Submitted by marienicole on Wed, 10/31/2007 - 18:10

It is amazing how our memories are so vivid when triggered by the sight of a forgotten treasure from our past. A long time has passed since I thought of my old bin of blocks. The sight of them jolts my mind; I am overwhelmed. As I pick up the toys strewn across my nephew’s bedroom, I find myself looking back……
I see a different bedroom, this one painted pink, with ballerinas dancing across the walls. On the floor, in front of the window are the same blocks. Big, plastic blocks, the kind you give to very young children, colored in primary shades of red, blue, green, and yellow. Two boys, obviously brothers, with the same tousled hair and bright eyes, sift through the pieces, rattling them and waking me. Rubbing sleep from my eyes, I join them. Little Monica, looking like an angel in her nightgown with a halo of sunshine, came to play, too.
We clattered and fumbled through the pieces sorting them out. Each grabbed their person or two, little block figurines, and built their house. People were named, and sometimes renamed several times. We were each a character, a person, in the town of make-believe. I can still remember the name I gave my girl, Susan.
The town was quickly set up and the game began. We had a school with a teacher. There were stores and restaurants. A police officer kept the peace and protected the citizens. Our town was run by a mayor. Trading and bartering were a major part of the play. It was simple, but we spent hours playing it.
Our early morning ritual was interrupted by the smell of pancakes cooking downstairs. Hurriedly we’d clean-up the pieces, knowing we’d continue next Saturday.
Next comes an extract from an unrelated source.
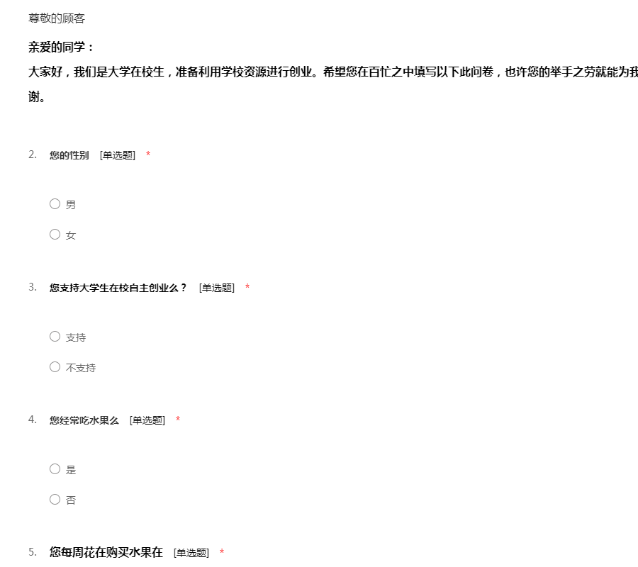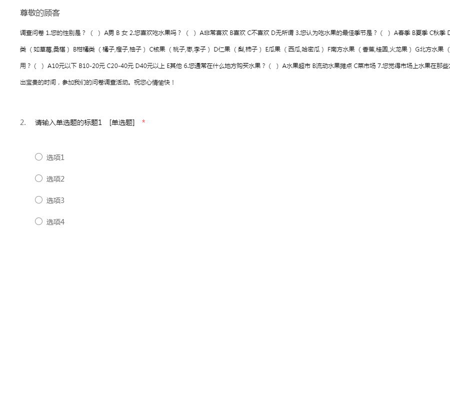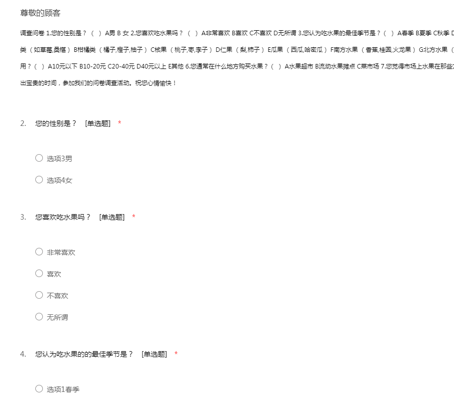 2.您喜欢吃水果吗? ( ) A非常喜欢 B喜欢 C不喜欢 D无所谓
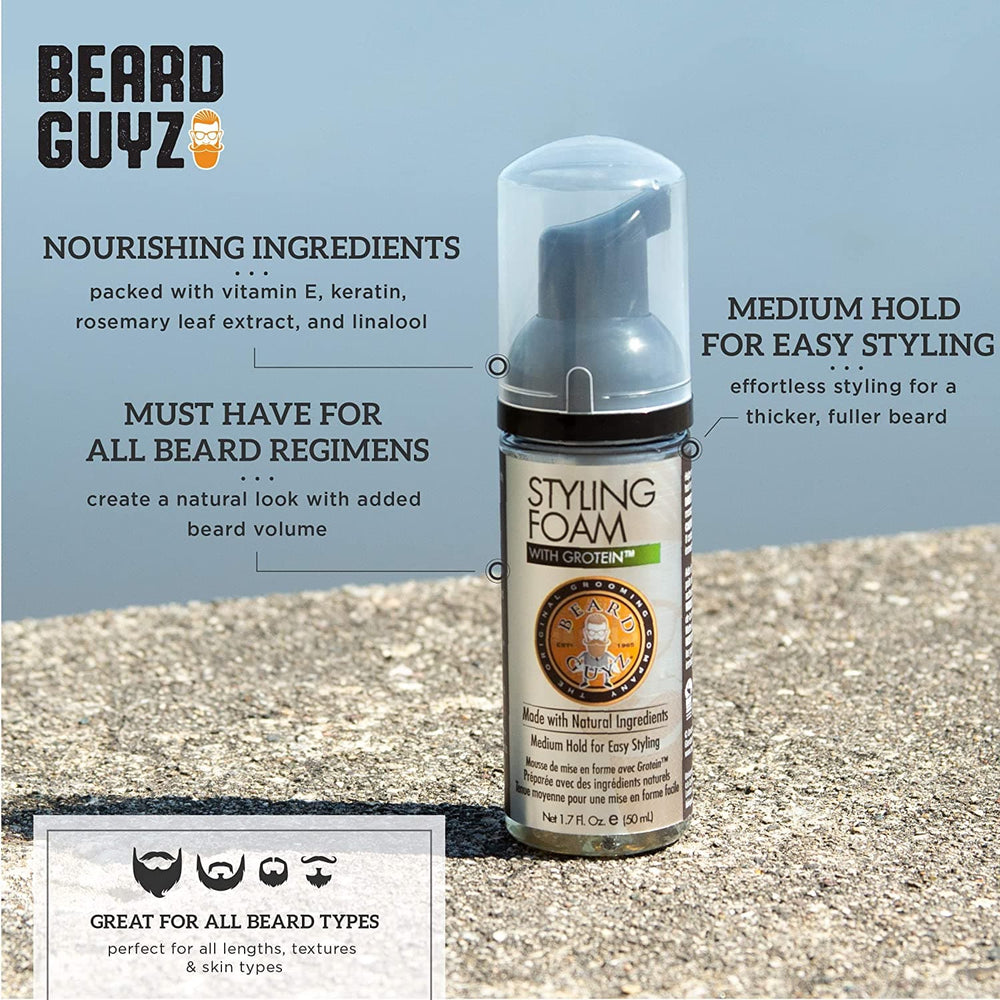 Beard Guyz Styling Foam with Grotein is here to give your beard a moisturizing pick-me-up. Easily detangle facial hair and maintain your beard's style the whole day the whole day through. Our unique Grotein blend is made with natural ingredients to leave you beard feeling happy and healthy.

The allure of the game for me, and perhaps for Nicholas as well, lay in its childishness. At 9, I was trapped in the middle, to old for many pastimes, yet too young to join the older boys. Our games on Saturday morning were an escape, my tie to childhood. Perhaps that is why arguments were so few. Surprising as that was the way Nicholas and I fought at the time. But this childish game was something we enjoyed and wanted to keep.
I don’t know exactly why we stopped playing. Maybe we wanted to sleep in. Maybe we were tired of the game. Maybe we had outgrown its childish enticement. Whatever the reason, we stopped. We never played with the blocks after we moved from that house. They were passed down to the next generation, our nephews and niece. They don’t seem to find them as enticing yet, but just maybe, one day they too, will find them to be their tie to childhood.